Ah, John Yoo. I took two of his classes. He is smart, affable, funny (though in small doses), humble, soft-spoken, friendly, and was exceedingly interested in helping out his students (personally responsible for getting one a SCOTUS clerkship while I was in school, would take 1Ls out to lunch on his own dime, would advise students writing law review articles that I'm sure he disagreed with both legally and personally), in short, eveything you would like in a law professor.

I think his thinking comes down to, "I will tell you what the constitution means, and I will be certain that I am right, and I will continue to defend my view in the face of all criticism" (see his book and various op-eds after he left the DOJ). But I think his thought process ends there, he will say "of course the President can do that" full stop. He won't say whether the President should do that, in fact I bet the thought never even crossed his mind at the time (or maybe it did and he ignored it and focused on the assignment at hand). "Not my job or concern," I think he would say.

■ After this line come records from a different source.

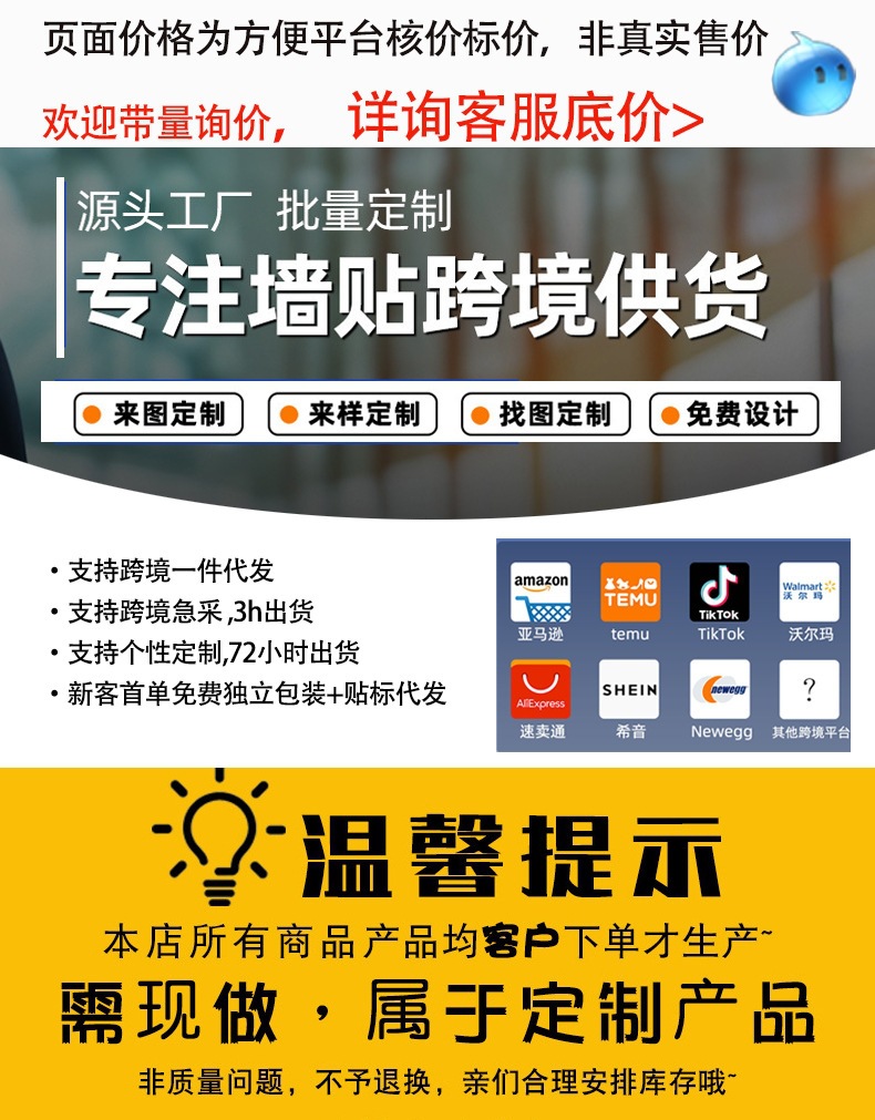 3、 若粘贴的墙面受潮、老化或刚刷了新漆,粘贴后可能会引起墙贴自动脱落,或者会引起墙面剥落,可以用吹风机热风将墙面吹干或待漆面挥发一段时间后再贴,但效果可能会有所出入,所以敬请广大顾客慎选所贴位置;
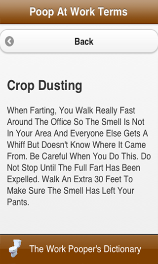 Poop At Work is a funny dictionary of terms used for on how to describe your co-workers bathroom habbits. From the "Astaire" to the "Cubi-stank" you can find them all here. Great for the morning water cooler laugh on a Monday at work.
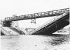 Wilhelminabrug Maastricht. De herstelwerkzaamheden aan de Wilhelminabrug te Maastricht, die op 10 mei 1940 door het Nederlandse leger werd vernield om het oprukkende Duitse leger te stuiten. Foto genomen naarhet noordwesten, waarschijnlijk vanaf de toren van de St.-Martinuskerk in Wyck (Rechtstraat). Links op de achtergrond het nog bestaande Eifelgebouw van de aardewerkfabriek Sphinx en een aantal bij de fabriek behorende schoorsteenpijpen. Uiterst rechts laagbouw, een gedeelte van de KNP (papierfabriek).
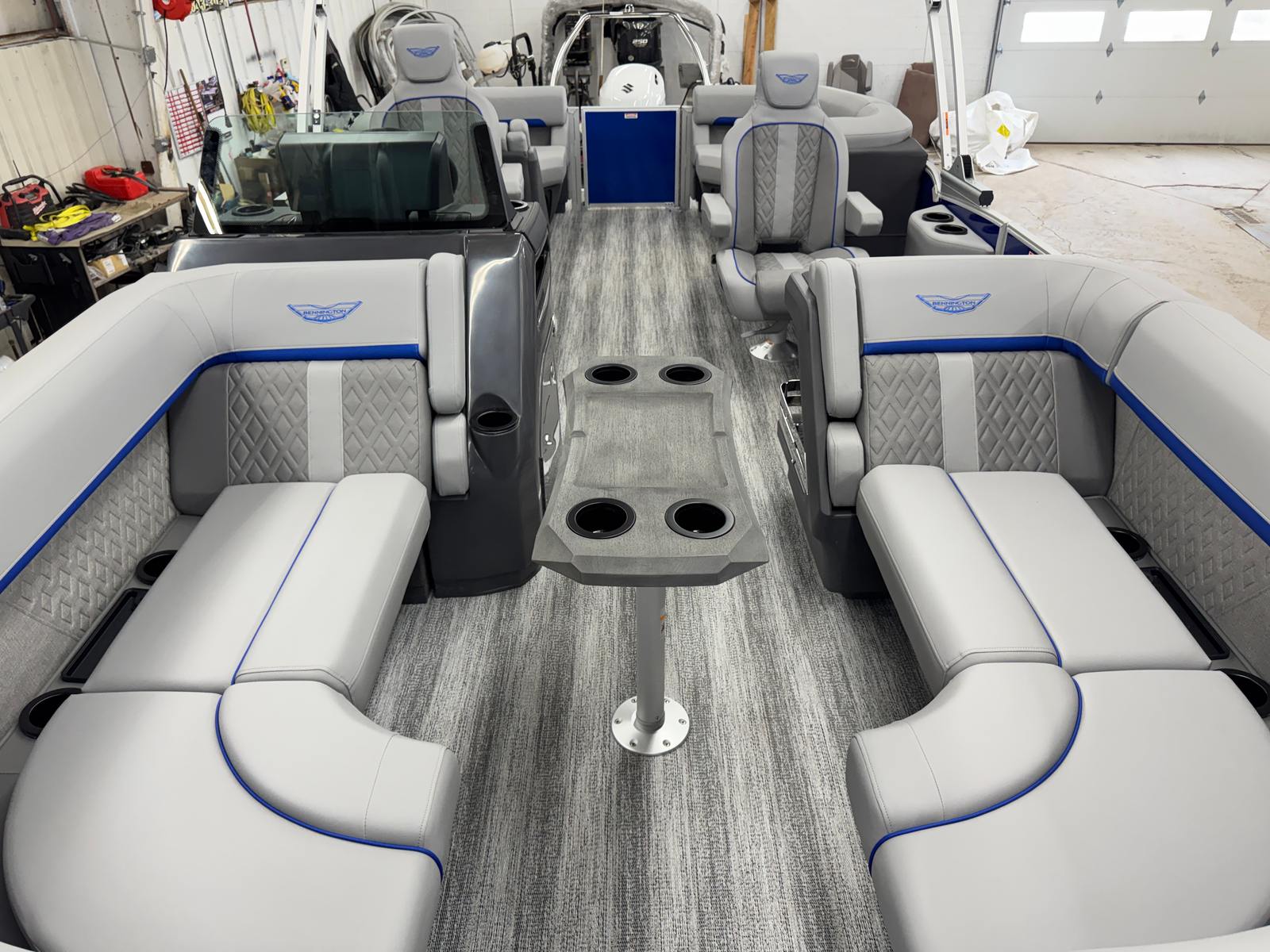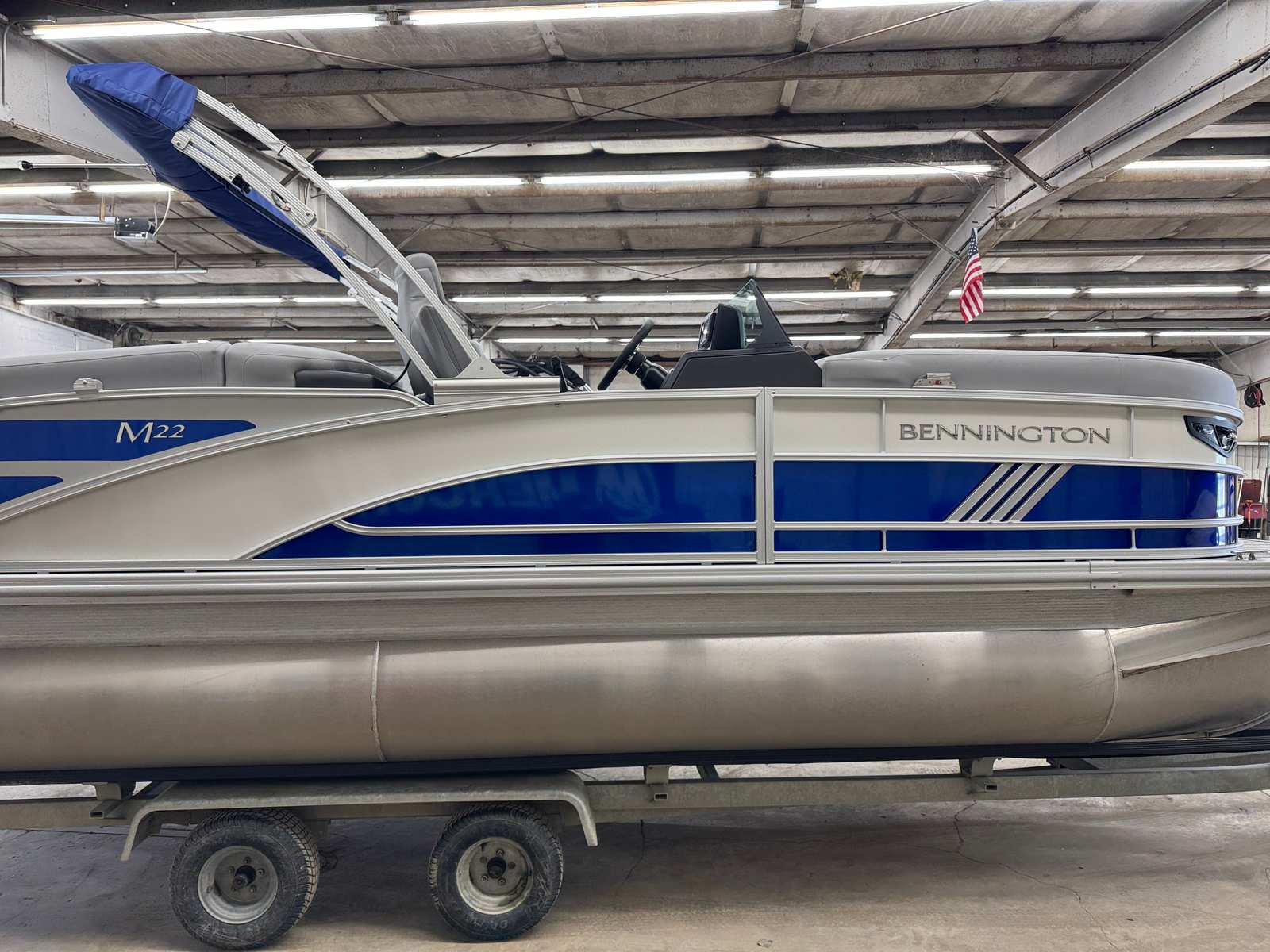 The 2026 Bennington 22 MFB SPS pontoon is a remarkable blend of style, performance, and versatility. With its striking Smooth Metallic Luminous Blue and White exterior, luxurious Luminous Blue Simtex interior, and advanced features like the Suzuki DF200ATXW5 engine, Power Hydraulic Assist steering, and Electric Power Top Bimini, this new Bennington boat for sale is designed to exceed your expectations. The elevated console, removable flag pole, and spacious layout ensure that every outing is comfortable, convenient, and memorable.If you are ready to elevate your boating experience and enjoy the ultimate in comfort, performance, and style, the Bennington 22 MFB SPS is the perfect choice. Don’t miss your chance to own this exceptional pontoon boat – contact your local dealer today to learn more and schedule a viewing. Your next adventure awaits on the water!
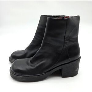 Vintage 90s Cloud 9 Nine West black leather platform chunky block heel ankle boots. If you were in high school in 1998, you were definitely saving up your babysitting money for these! Size has worn off, they fit like a 8.5 or 9. 2.5" heel over about a 1" platform. They are gently pre-owned and free from any stains or flaws. May show light wear or scuffs from normal use. They have some sticker residue that should come off with some goo gone.
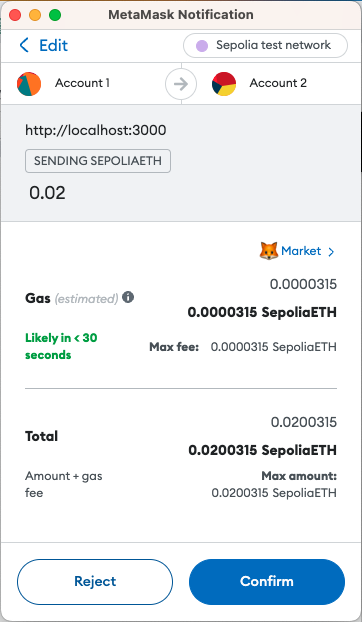 In the app, notice that when you try and send a transaction using Web3Provider, the app opens a MetaMask instance to transfer your funds.

One other thing. He once commented in class (I forget the context) that he would never want to be a judge. Supreme Court Justices, on the other hand, were, in his view, not judges. So, I think that's ultimately his goal, and I think his continued defense of his view of "real, ultimate, executive power" is, in part, driven by that. After all, if you were President, wouldn't it be tempting to appoint someone to the SCOTUS that basically believes you are above the law (at least when it comes to foreign affairs, including launching and prosecuting wars)?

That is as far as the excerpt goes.